Es dauerte eine Zeit, bis sich Widerstand regte. Er wurde nicht über die Gewerkschaften organisiert, sondern über die revolutionären Obleute, die allerdings alle erfahrene Gewerkschafter waren. Die erste öffentliche Kundgebung organisierten jedoch Sozialistinnen am internationalen Frauentag 1915. Der  Widerstand zeigte sich in Arbeitsniederlegungen, die von immer mehr Beschäftigten befolgt wurden. Er richtete sich gegen die immer schlechtere Versorgung der Bevölkerung und gegen den Krieg. Der Streik im Januar 1918 war der größte Massenstreik gegen den Krieg, den es jemals in Deutschland gegeben hat. Die Streikenden forderten unmissverständlich das Ende des Krieges.

Im Herbst 1918 war es dann so weit. Von Kiel aus sprang der Funke auf andere Städte über, bis er am 9. November auch Berlin erreichte. Der Generalstreik am 9. November besiegelte das Ende des Krieges und des Kaiserreichs.

In den folgenden Monaten ging es darum, Entmilitarisierung und Demokratisierung voranzutreiben und zu festigen. Sebastian Haffner hat das in seinem Buch über die Novemberrevolution sehr prägnant beschrieben, auch die bremsende Rolle der SPD in diesem Prozess.

Militarismus zusammen mit Kaisertreue hatten im ersten Weltkrieg Millionen Tote gekostet.

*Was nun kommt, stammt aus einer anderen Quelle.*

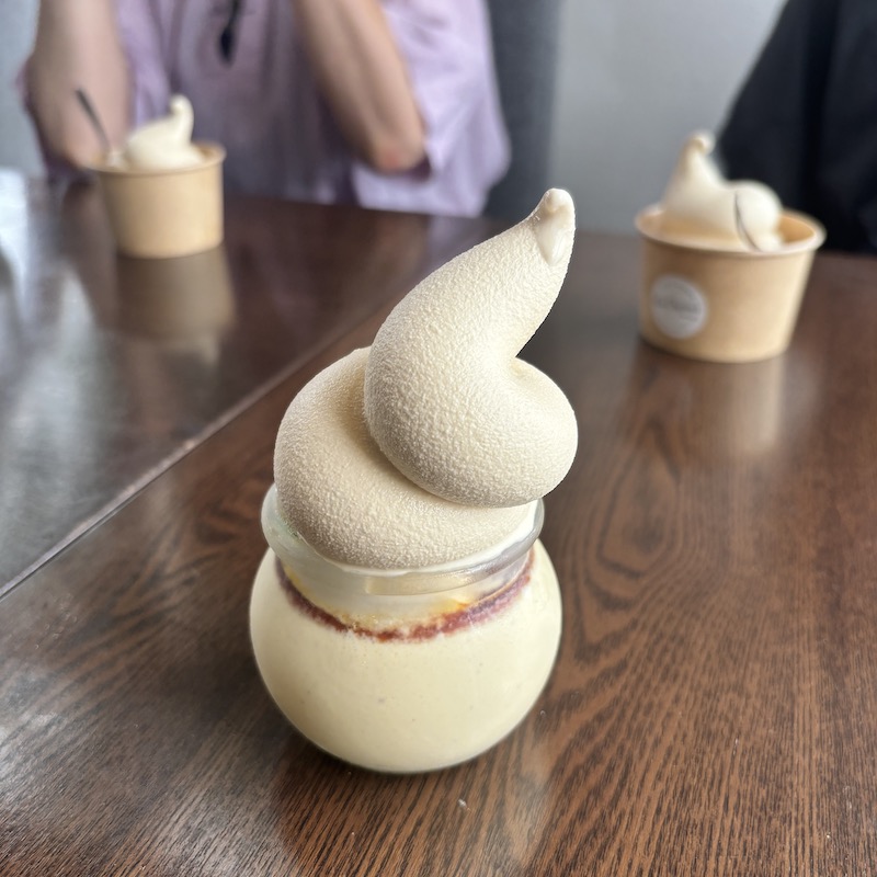 ソフトクリームも絶品なので自家製プリン×モコモコソフトクリーム(焦がしキャラメルソフト)ピザもソフトクリームも美味しいのは知っていたけど自家製プリンが美味し過ぎ!

Wenn mit dieser Tradition gebrochen werden sollte, durften alle diejenigen, die bisher dafür gestanden hatten, nicht mehr in Amt und Würden bleiben. Aber sie blieben in der Justiz, in der Verwaltung und im Militär und durften weiter über Menschen entscheiden und die Gesellschaft im Inneren prägen. Hinter der Fassade der Demokratie existierte der undemokratische Geist der Kaiserzeit und des Militarismus weiter. „Der Kaiser ging, die Generäle blieben“. Nicht nur die Generäle blieben. Obwohl es große Streiks für die Vergesellschaftung des Kohlebergbaus und der eisenschaffenden Industrie gab, weil sie in besonderen Maße den Krieg vorangetrieben und daran verdient hatten, wurde das große Kapital nicht angetastet. Das war die unvollendete Revolution.

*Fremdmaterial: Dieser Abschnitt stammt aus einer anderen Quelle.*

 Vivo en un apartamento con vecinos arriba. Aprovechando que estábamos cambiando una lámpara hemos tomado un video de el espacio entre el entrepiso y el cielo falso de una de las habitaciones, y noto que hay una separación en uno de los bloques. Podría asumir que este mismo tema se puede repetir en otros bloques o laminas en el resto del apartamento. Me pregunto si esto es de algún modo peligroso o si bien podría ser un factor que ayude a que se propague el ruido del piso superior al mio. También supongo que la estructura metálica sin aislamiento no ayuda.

Stattdessen wurden die Revolutionäre bekämpft, also diejenigen, die sich für das Ende von Krieg und für die Republik eingesetzt hatten. Im Frühjahr 1919 und 1920 nach dem Generalstreik gegen den Kapp-Lüttwitz-Ludendorff Putsch wurden von Freikorps Tausende umgebracht. Dieser Putsch im Jahr 1920 war zwei Jahre nach der Revolution der erste Versuch, die ganze Republik zu beseitigen. 1920 konnte der Generalstreik dem noch ein Ende setzen. 13 Jahre später, gelang die Verteidigung der Republik nicht mehr. Alle organisierten Widerstandskräfte wurden zerschlagen. Hitler begann die Vorbereitung des Zweiten Weltkrieges. Es sollte kein Massenwiderstand im Wege stehen wie im ersten Weltkrieg. Denn  diesen Widerstand betrachteten alle Reaktionäre als Grund für ihre  Niederlage im ersten Weltkrieg (Dolchstoßlegende). Hitler nannte immer wieder diejenigen, die die erste Republik und das Kriegsende durchgesetzt hatten, „Novemberverbrecher“.

Das war die Ausgangslage am 9. November 1938, als die  Reichspogromnacht den Boden für die systematische Vernichtung von Millionen Juden bereitete. Alle Kräfte, die sich dem hätten entgegenstellen könne, waren zerstört: Die Arbeiterparteien, die Gewerkschaften und alle anderen demokratische Organisationen und Parteien.